Glossary

Glued Laminated Timber (Glulam)

Laminated Timber is a manufactured product that consists of at least three layers of dried wooden boards that are glued together. Usually, Laminated Timber is manufactured from conifers, such as spruce, pine or larch. As individual pieces of lumber are glued together in horizontal layers, it is possible to manufacture large structural members of Laminated Timber in a wide variety of shapes and sizes.

Laminated Timber can be defined as a product which has been manufactured from selected and prepared pieces of wood, and can be supplied in straight, curved and even twisted forms.

Manufacturing Process:

During the manufacturing process the wooden boards are dried until a moisture content of approximately 12% is reached. Then the material is machine graded and evaluated by visual grading. After that the wooden boards are connected by finger-joints. The finger-joined products are manufactured by taking the dried wooden boards, machining a finger profile in each of the pieces, adding the appropriate adhesive and then squeezing the pieces together.
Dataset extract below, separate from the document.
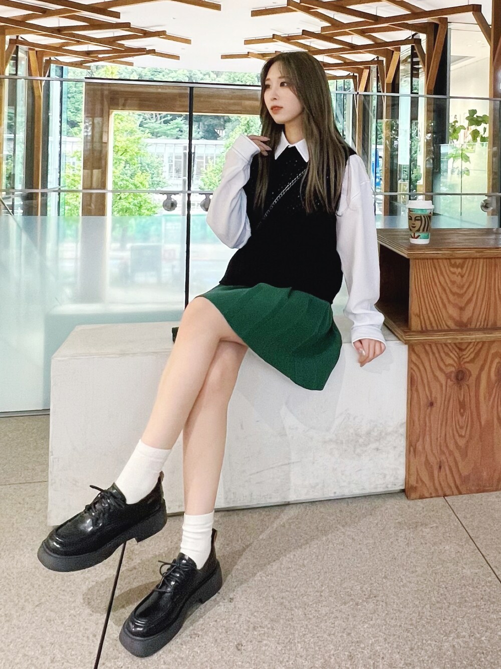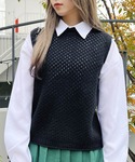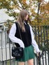 メッシュニットベスト color: off-white, black size: free ステッチシャツ color: white, black size: free ニットプリーツミニスカート color: green, gray, black size: free ヴィンテージライクショルダーバッグ color: off-white, black size: free スクエアレースアップシューズ color: white, black size: small(23.5), medium(24.5)

Thanks to material properties such as straightness and stability, Laminated Timber is a very popular product in the timber construction industry and it is often used for supporting structures. When compared with other structural materials, Laminated Timber has several distinct advantages in size capability, variation of cross sections and architectural effects. And the size of Laminated Timber structural members is limited only by the capabilities of the manufacturing plant and the transportation system.